Since none have done so far, I will offer up my thoughts. Hopefully, someone with more knowledge can correct or supplement what I say.
I don't think Latin can use this type of word formation and would use a different means. I would expect an entire phrase or at least an adjective with an appropriate ending.
I speak and read decent French, but could not make heads or tails of either droit-liberté or vérité-correspondance upon first reading them in your post. They strike me as word creations coming out of a specific French philosophical and literary tradition about how to name and discuss such things.
After reading your link on droit-liberté and looking up Théorie de la vérité-correspondance on Wikipedia, I briefly examined the words used in Wikipedia articles written in other languages to describe the theory of vérité-correspondance.
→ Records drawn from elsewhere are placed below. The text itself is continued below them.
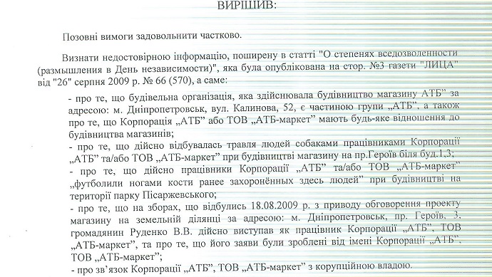 Тоді АТБ звернулися до суду з вимогою спростувати інформацію, яка на їхню думку є недостовірною. Ще у 2009 році Господарський суд Дніпропетровської області ухвалив рішення визнати недостовірною та зобов'язати «Лица» спростувати таку інформацію:
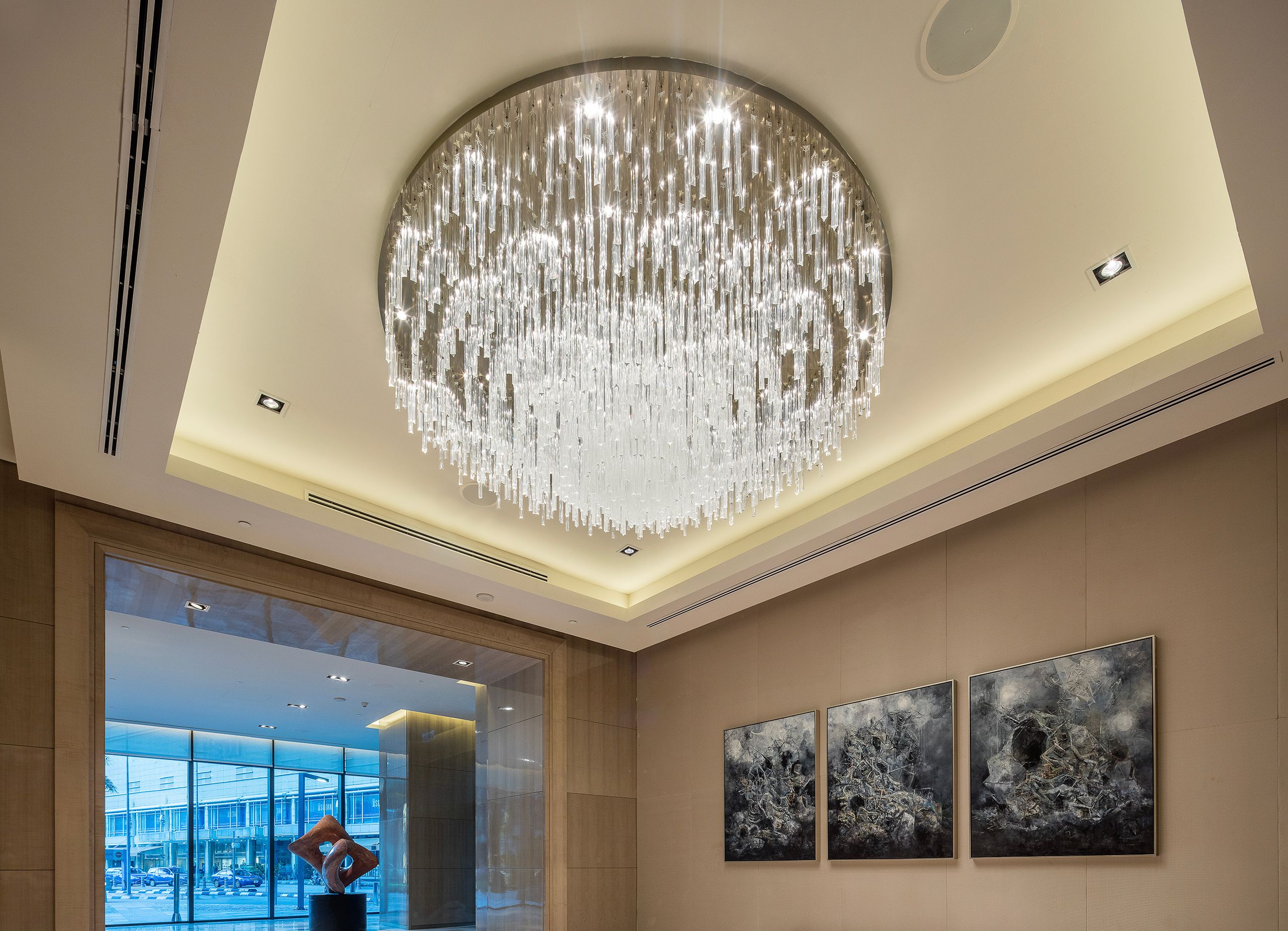 We designed the installation as a centrepiece for the hotel’s lobby. Given the clean, contemporary interiors we created a more pared-down but still visually delightful interpretation of the the traditional chandelier.
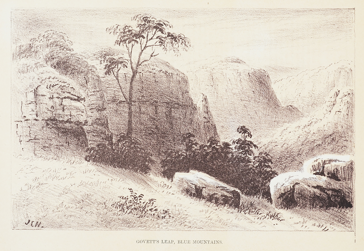 Scarce c.19th sepia lithograph of Govett’s Leap, Blue Mountains by John Campbell Hoyte (1835–1913).
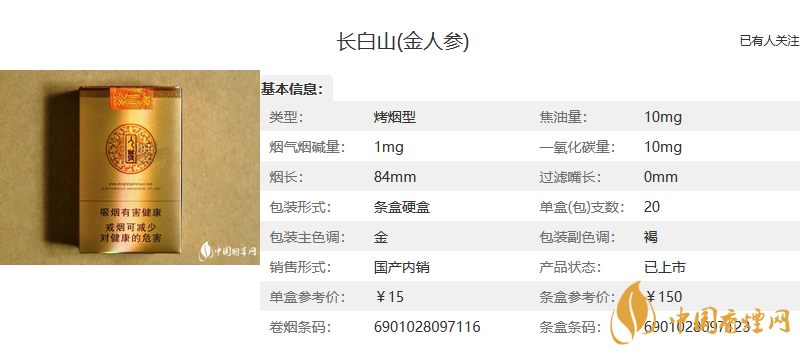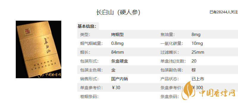 【長白山人參香煙價格表和圖片一覽 長白山人參香煙多少錢一包】相關(guān)推薦文章:

Of the 15 languages listed, none seemed to use the French method of word formation even among the romance languages that theoretically might be able to reproduce the structure. The vast majority seemed also to require a reference to "theory" in how they named the concept, such as the English article entitled: "Correspondence theory of truth." An interesting exception was the Italian article entitled Corrispondentismo.
I did see several references to Aristotle's Adaequatio rei et intellectus, which has a title that corresponds to the word structure I would expect in a title from an author writing in Latin. I am not sure how Aristotle's work or title relates specifically to vérité-correspondance, but they sound like they are discussing similar topics.